**WHAT IS EXPECTED**
Using the data below, output a verbatim copy of the lines between the one holding "Measure Up |" and the one holding "Ligule membraneuse aiguë, limbe", inclusive, without any pictures.

**EXTRACTED ENTRIES**
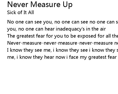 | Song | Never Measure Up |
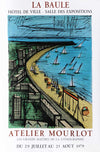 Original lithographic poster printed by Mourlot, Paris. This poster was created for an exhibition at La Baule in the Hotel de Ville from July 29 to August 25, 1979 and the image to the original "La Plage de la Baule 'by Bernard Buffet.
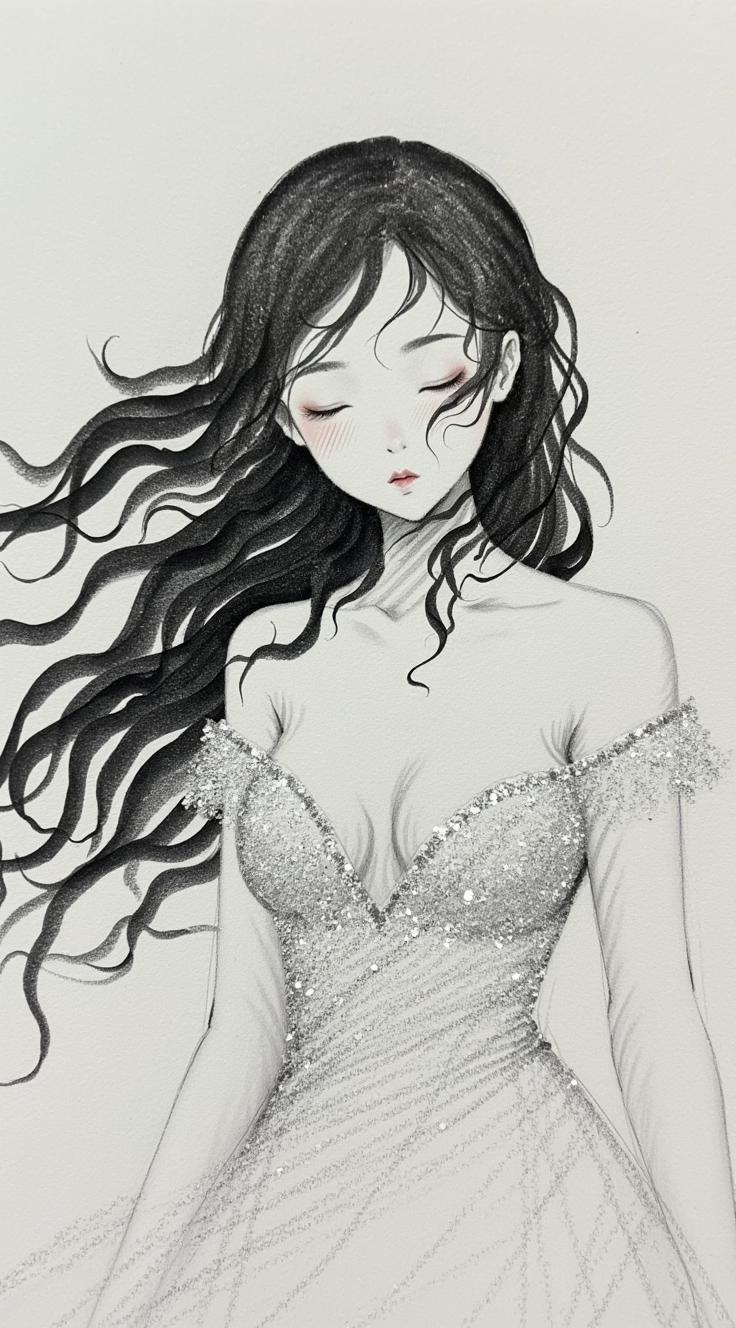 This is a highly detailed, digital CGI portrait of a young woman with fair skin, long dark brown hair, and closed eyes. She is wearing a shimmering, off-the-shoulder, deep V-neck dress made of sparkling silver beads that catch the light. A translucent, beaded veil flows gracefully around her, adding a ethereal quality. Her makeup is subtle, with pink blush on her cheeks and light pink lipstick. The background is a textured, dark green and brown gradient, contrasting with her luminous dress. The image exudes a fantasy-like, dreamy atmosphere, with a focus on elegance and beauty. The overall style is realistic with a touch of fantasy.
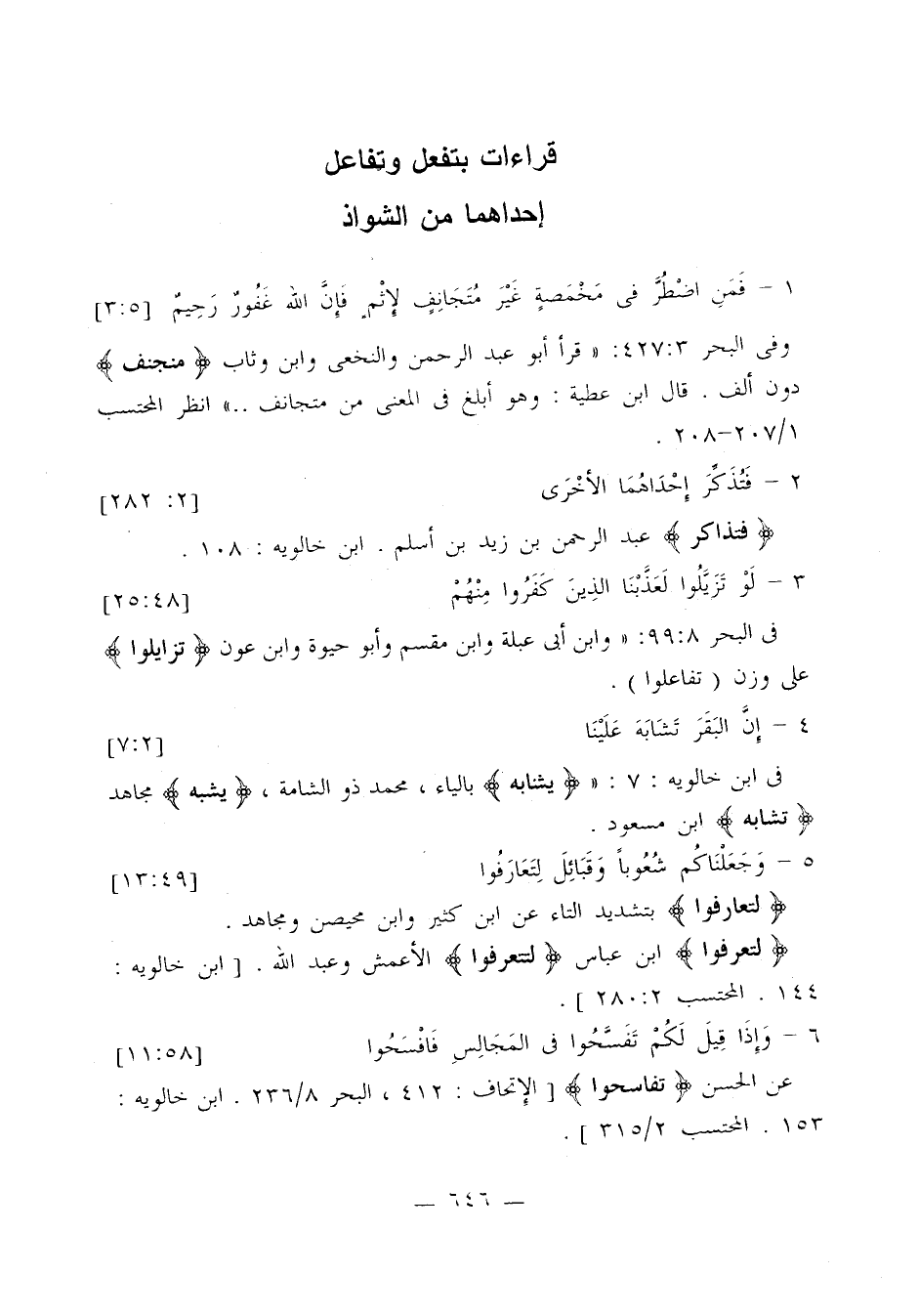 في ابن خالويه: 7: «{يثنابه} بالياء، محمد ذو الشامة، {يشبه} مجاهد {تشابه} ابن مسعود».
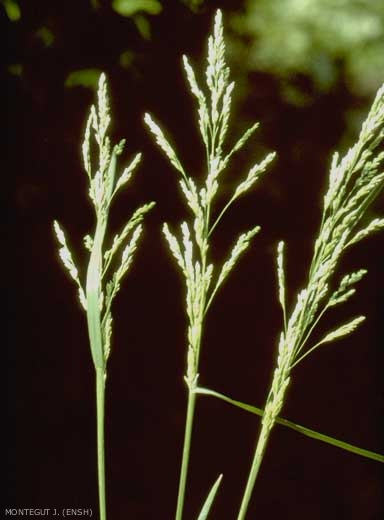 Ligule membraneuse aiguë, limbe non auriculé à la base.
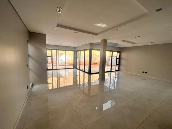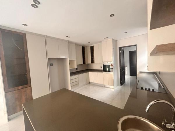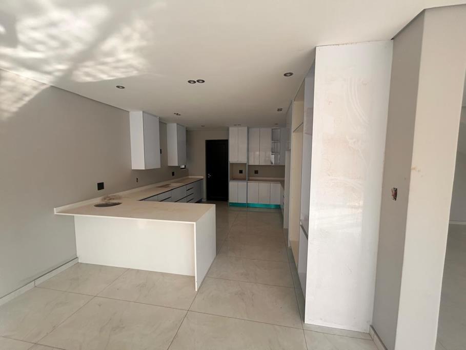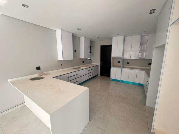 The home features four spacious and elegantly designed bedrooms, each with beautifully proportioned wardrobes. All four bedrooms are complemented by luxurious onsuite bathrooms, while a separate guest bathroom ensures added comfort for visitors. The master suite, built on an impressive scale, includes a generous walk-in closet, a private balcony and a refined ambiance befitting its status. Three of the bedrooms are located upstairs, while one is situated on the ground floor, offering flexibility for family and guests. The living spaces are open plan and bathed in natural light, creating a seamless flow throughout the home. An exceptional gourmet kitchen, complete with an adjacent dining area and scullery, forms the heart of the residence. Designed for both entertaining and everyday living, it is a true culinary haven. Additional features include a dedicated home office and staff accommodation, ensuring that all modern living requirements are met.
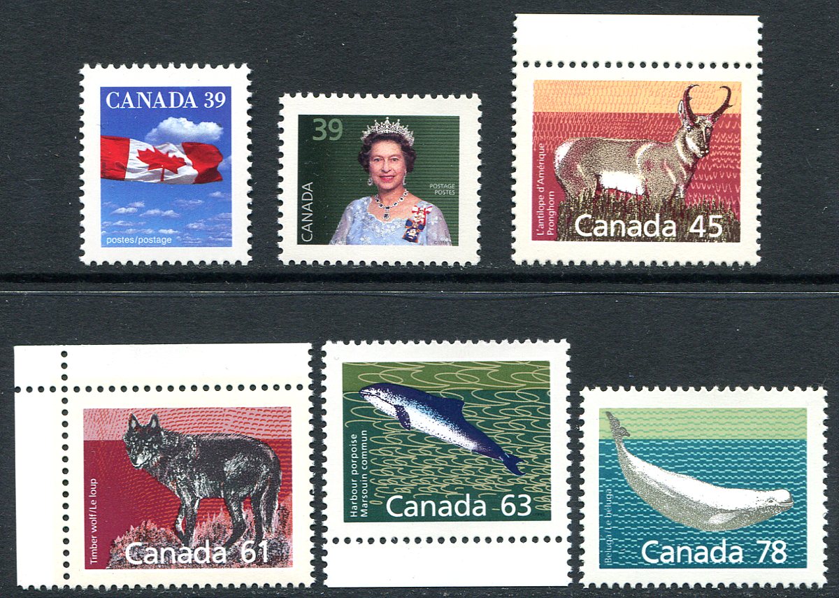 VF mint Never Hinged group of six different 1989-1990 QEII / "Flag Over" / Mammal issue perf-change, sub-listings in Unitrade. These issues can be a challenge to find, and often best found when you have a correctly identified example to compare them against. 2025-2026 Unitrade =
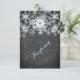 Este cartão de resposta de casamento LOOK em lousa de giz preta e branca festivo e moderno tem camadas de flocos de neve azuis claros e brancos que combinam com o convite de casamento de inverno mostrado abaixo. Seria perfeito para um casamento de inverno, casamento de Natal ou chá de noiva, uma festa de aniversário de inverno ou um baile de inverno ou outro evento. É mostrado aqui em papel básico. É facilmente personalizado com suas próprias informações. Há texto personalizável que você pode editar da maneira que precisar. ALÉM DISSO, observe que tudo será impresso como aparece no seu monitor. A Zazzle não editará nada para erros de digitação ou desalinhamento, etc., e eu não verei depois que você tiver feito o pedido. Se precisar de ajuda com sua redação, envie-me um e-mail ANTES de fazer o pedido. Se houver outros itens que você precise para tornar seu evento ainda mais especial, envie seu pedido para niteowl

---

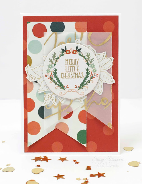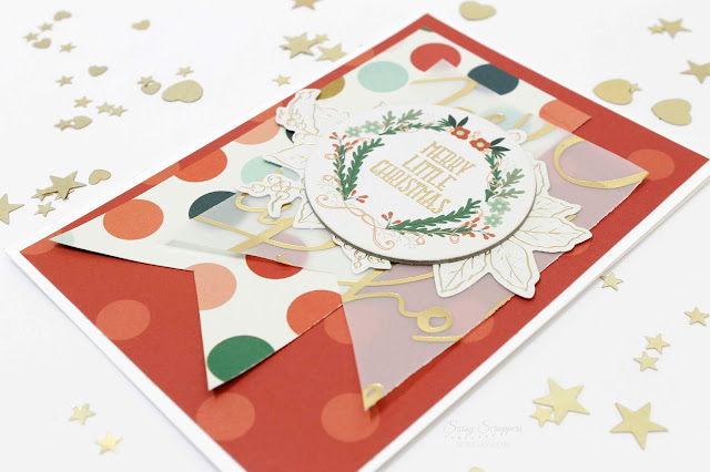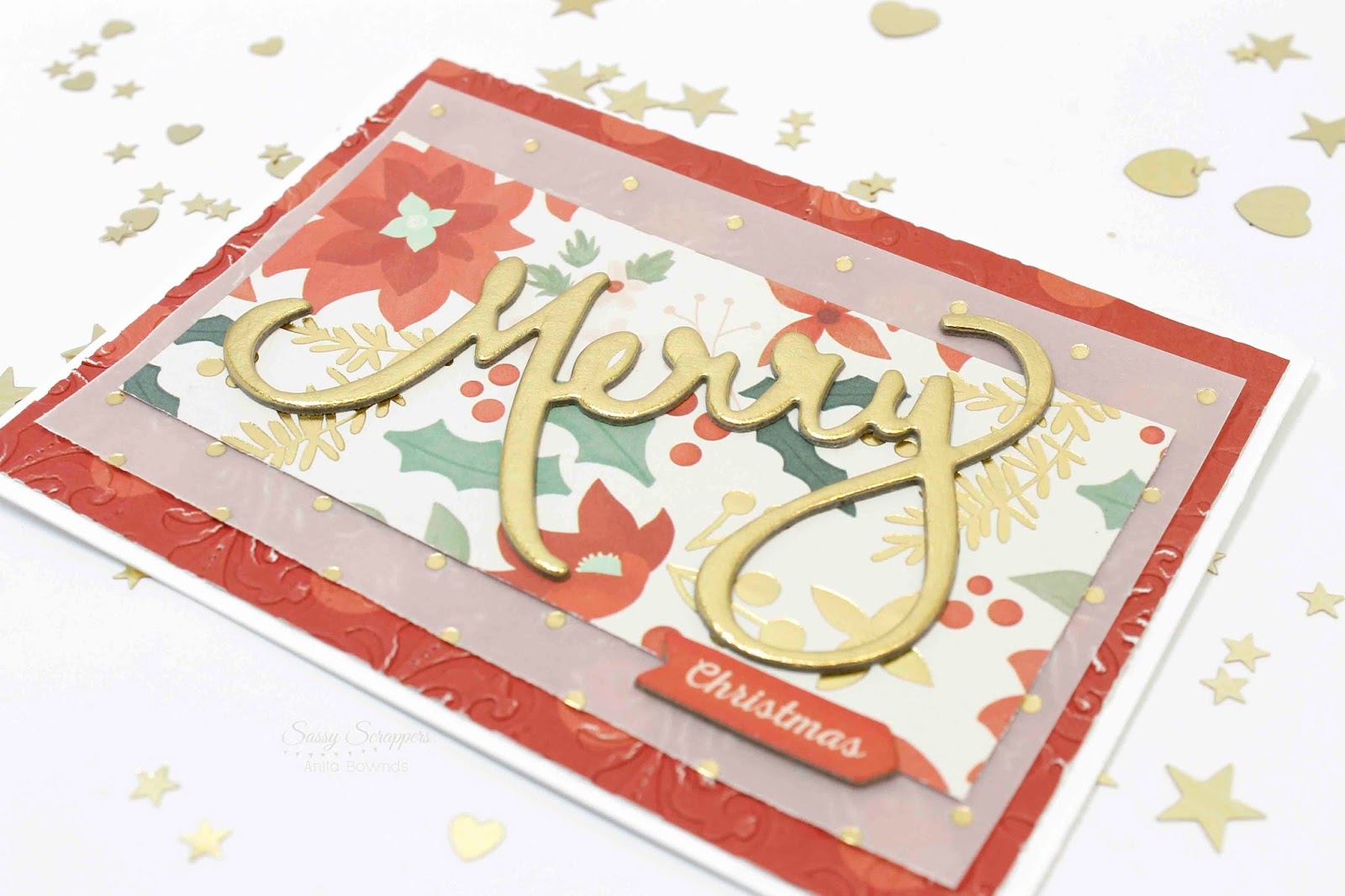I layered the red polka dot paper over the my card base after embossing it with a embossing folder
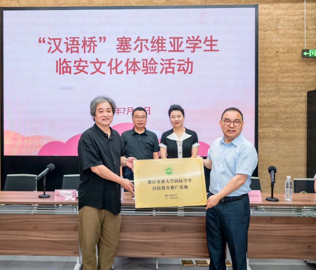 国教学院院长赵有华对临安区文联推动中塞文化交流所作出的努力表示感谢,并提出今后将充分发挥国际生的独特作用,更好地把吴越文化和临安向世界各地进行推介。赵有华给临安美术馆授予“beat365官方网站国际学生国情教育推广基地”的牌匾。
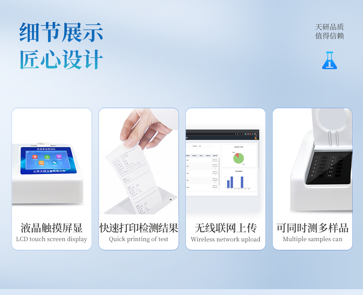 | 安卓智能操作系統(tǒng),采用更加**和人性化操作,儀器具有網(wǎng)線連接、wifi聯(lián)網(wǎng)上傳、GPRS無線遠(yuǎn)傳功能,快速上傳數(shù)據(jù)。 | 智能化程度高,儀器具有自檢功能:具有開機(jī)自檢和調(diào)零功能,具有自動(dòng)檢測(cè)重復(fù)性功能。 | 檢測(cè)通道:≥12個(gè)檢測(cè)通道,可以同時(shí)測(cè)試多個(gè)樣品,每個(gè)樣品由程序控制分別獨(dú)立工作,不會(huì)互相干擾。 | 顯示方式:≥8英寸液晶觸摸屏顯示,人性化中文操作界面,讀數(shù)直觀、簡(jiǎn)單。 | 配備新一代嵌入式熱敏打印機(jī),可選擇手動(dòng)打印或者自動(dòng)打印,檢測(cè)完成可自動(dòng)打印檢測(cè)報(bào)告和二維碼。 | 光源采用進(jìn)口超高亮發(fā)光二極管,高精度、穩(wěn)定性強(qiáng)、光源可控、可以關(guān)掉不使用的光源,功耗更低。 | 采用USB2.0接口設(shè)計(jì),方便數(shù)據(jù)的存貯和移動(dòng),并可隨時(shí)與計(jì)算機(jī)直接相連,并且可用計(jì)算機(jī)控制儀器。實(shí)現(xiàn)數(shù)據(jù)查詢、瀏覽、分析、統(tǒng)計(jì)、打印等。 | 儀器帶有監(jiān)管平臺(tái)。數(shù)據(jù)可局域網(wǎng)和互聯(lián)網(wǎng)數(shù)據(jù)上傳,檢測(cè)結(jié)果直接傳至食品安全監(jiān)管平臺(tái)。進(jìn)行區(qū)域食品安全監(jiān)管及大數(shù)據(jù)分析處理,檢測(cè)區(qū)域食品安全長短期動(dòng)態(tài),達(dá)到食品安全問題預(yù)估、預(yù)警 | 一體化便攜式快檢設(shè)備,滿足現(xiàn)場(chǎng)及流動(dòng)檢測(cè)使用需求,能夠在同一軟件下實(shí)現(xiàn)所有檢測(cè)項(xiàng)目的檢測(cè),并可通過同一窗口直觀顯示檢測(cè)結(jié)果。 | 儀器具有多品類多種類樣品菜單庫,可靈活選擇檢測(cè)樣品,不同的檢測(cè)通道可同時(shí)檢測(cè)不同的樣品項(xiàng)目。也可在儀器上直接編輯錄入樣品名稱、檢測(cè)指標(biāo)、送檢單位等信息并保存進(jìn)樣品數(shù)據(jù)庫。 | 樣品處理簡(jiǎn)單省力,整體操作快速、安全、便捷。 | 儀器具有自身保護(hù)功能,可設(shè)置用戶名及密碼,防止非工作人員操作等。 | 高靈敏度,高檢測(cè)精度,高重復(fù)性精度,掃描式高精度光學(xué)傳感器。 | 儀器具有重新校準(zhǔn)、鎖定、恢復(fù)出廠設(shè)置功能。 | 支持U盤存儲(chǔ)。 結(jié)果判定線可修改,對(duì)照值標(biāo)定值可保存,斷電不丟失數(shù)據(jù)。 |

**RESULT OF THE TASK**
 | Song | Never Measure Up |
 Original lithographic poster printed by Mourlot, Paris. This poster was created for an exhibition at La Baule in the Hotel de Ville from July 29 to August 25, 1979 and the image to the original "La Plage de la Baule 'by Bernard Buffet.
 This is a highly detailed, digital CGI portrait of a young woman with fair skin, long dark brown hair, and closed eyes. She is wearing a shimmering, off-the-shoulder, deep V-neck dress made of sparkling silver beads that catch the light. A translucent, beaded veil flows gracefully around her, adding a ethereal quality. Her makeup is subtle, with pink blush on her cheeks and light pink lipstick. The background is a textured, dark green and brown gradient, contrasting with her luminous dress. The image exudes a fantasy-like, dreamy atmosphere, with a focus on elegance and beauty. The overall style is realistic with a touch of fantasy.
 في ابن خالويه: 7: «{يثنابه} بالياء، محمد ذو الشامة، {يشبه} مجاهد {تشابه} ابن مسعود».
 Ligule membraneuse aiguë, limbe non auriculé à la base.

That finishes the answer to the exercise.